Tomorrow I'm scheduled for my 5.x miles that I will do easy. I'm pleased with today's faster workout and I'm growing optimistic that the combination of performance running and base runs will prepare me well for Brooklyn.

Monday, March 10, 2014

Treadmill 220's, surprisingly fun

220m intervals with 70 second recovery jog
Today's run (treadmill intervals): 3.2 miles (16 x 220m, 1 mile warm up/cool down)
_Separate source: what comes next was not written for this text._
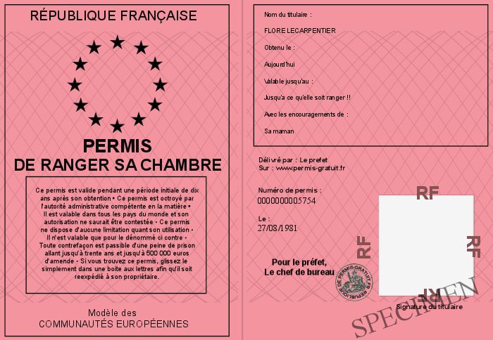 Envoyez par email le Permis de ranger sa chambre personalisé

Although you wouldn't know it by looking at my Garmin data from my weekend runs, I have turned my attention back to performance running. It isn't without irony that, despite my now-clear neighborhood streets, I did my first speed workout this year on the treadmill. My preference would have been to do this on the track, but I was reluctant to risk being hauled off by security for trespassing at the high school.

I normally take Mondays as my rest days but I really needed to focus on my readiness. If the weather holds, I'll be racing on Saturday with the Runsketeers. I didn't intend to take as much time as I ended up needing for today's workout, but it was good that I did. My plan was to start with a half mile warm up at about 9:30 a mile and then run 12 x 100m before finishing with a mile cool down. I discovered that running intervals on a treadmill can be difficult. This is because the machine lacks the hard start/stop precision of the track. I had to account for the time it took the treadmill to get up to full speed each time.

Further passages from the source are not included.